General characteristics (as rebuilt 1937–1939)
- Class & type: Krasnoye Znamya-class gunboat
- Displacement: 1,530 t (1,510 long tons) (standard)
- Length: 69.26 m (227 ft 3 in)
- Beam: 12.7 m (41 ft 8 in)
- Draft: 3.9 m (12 ft 10 in)
- Installed power: 2 Yarrow boilers; 2,200 PS (1,600 kW);
- Propulsion: 2 shafts; 2 triple-expansion steam engines
- Speed: 14 knots (26 km/h; 16 mph)
- Range: 1,100 nautical miles (2,000 km; 1,300 mi) at 8 knots (15 km/h; 9.2 mph)
- Complement: 201
- Armament: 5 × single 130 mm (5.1 in) guns; 7 × single 45 mm (1.8 in) AA guns; 1 × twin 12.7 mm (0.50 in) machine gun; 50 mines;
- Armor: Belt: 75–125 mm (3.0–4.9 in); Deck: 25 mm (1.0 in); Conning tower: 25–38 mm (1.0–1.5 in); Bulkhead: 80 mm (3.1 in);

= Soviet gunboat Krasnoye Znamya =

Soviet and Russian gunboat (1897–1960)

Krasnoye Znamya (Красное Знамя, Red Banner, ex-Khrabryy) was a Soviet gunboat. The ship had been built in the 1890s as the Khrabry (Храбрый, Brave) for the Imperial Russian Navy. She was completed in 1897 and assigned to the Baltic Fleet. During the First World War, the ship participated in the Battle of Moon Sound in 1917. Her crew joined the Bolsheviks after the October Revolution that same year and she was commissioned into the Soviet Navy in early 1918. Khabry was renamed Krasnoye Znamya in 1922. She was rebuilt in 1937–1939. The gunboat was sunk in the harbor of Lavansaari in the Gulf of Finland in 1942 during an attack by Finnish MTBs. The ship was salvaged the following year and recommissioned in 1944.

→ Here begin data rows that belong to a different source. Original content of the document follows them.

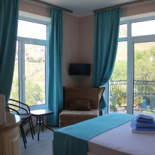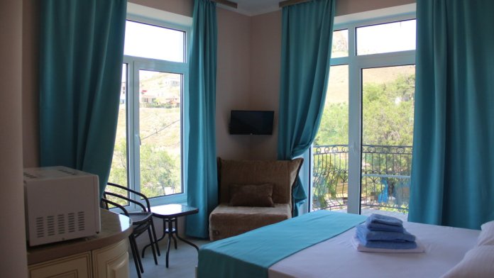 Элегантные номера с захватывающим видом: каждый из 11 тщательно спроектированных номеров выходит на собственный балкон, откуда открывается потрясающий вид на величественный заповедник кара-даг или чарующее черное море. Просыпайтесь под нежные звуки природы и наслаждайтесь живописной красотой прямо из своей комнаты. Интерьеры продуманно оформлены и оснащены телевизорами с плоским экраном, кондиционерами и просторными местами для хранения вещей, что обеспечивает комфортное и удобное пребывание.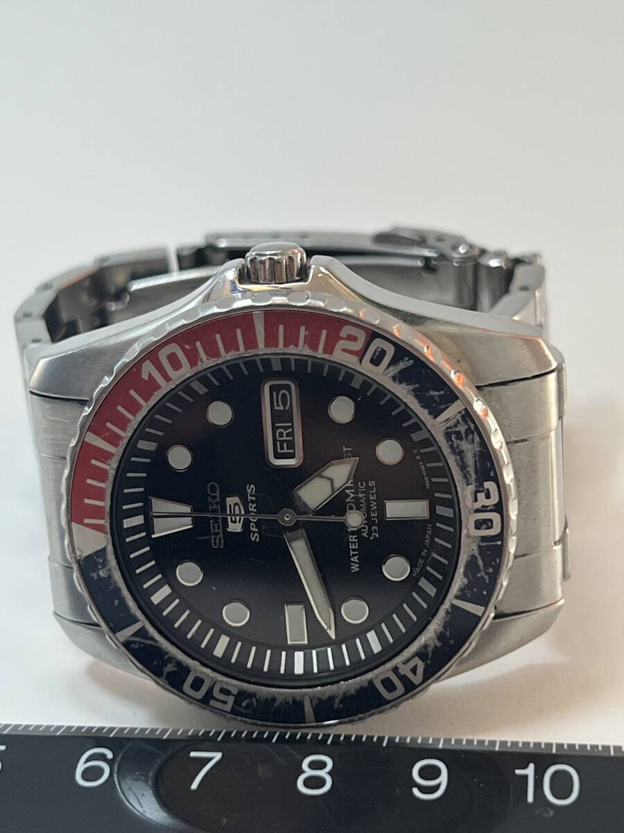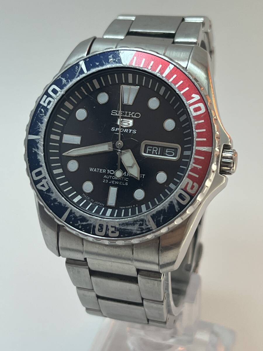 レア 動作未確認 SEIKO セイコー SEIKO5 SPORTS セイコー5 スポーツ 自動巻 メンズ 腕時計 ペプシベゼル 100mダイバー 裏蓋なし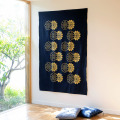 テーブルクロスとしても、ベッドやソファにさっと掛けると空間がきりりと締まります。吹き抜けにタペストリーとして飾ってもよいかもしれませんね。いろいろ使える型染めの多用布は、一つあるととても便利です。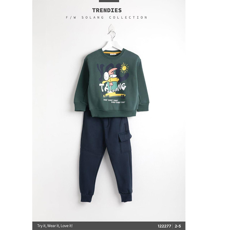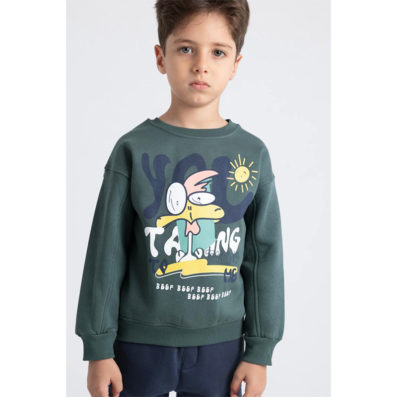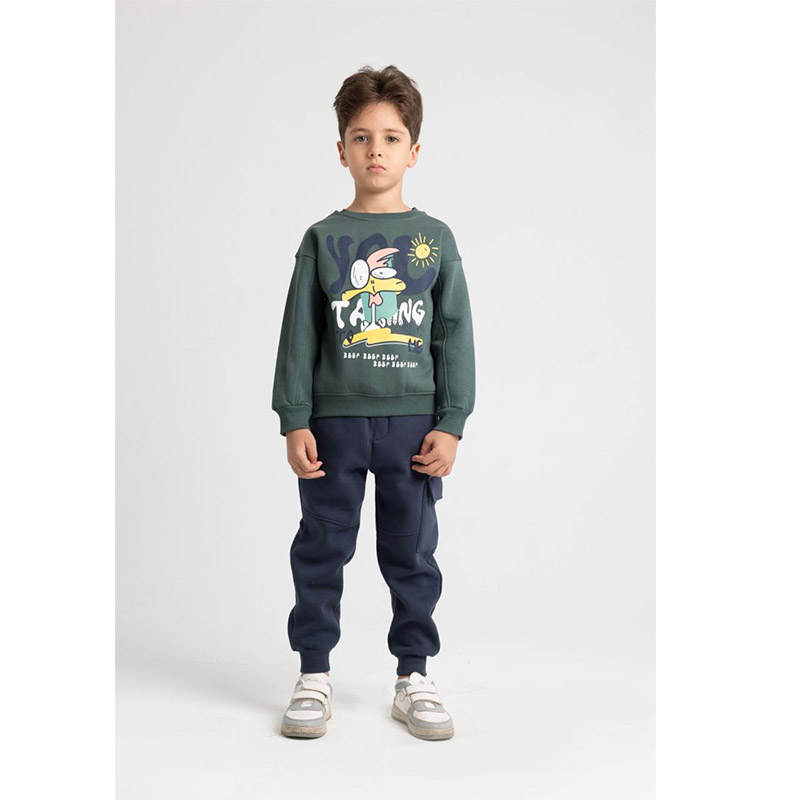 ترنج أولادي سويت شيرت زيتي به رسومات وبنطلون ميلتون كحلي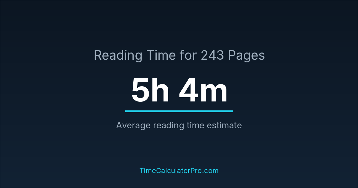 Reading 243 pages takes about 5 hours and 4 minutes.

==Construction and career==
Khabry was laid down at the New Admiralty Shipyard in Saint Petersburg on 15 December 1894, launched on 9 November 1895 and completed on 10 September 1897. The ship participated in the Battle of Moon Sound in October 1917. The Russian fleet was attempting to defend Soela Strait from an attempt by the German Baltic Fleet to break through it and trap Russian forces on Saaremaa Island. After inconclusive engagements on 12 and 13 October, Rear Admiral Mikhail Bakhirev, commander of the Russian naval force, anticipated another attempt to force the entrance on 14 October and positioned four destroyers and Khabry at the east end of the strait where they could quickly react to the Germans. That afternoon, the Germans attacked and hit the destroyer , causing her to lose power, and also started a fire. Khrabry was ordered to assist Grom. Many of Groms crew fled to the gunboat, but an attempt to tow the destroyer was unsuccessful, not least because the Germans continued to make hits on Grom, and the ship had to be abandoned.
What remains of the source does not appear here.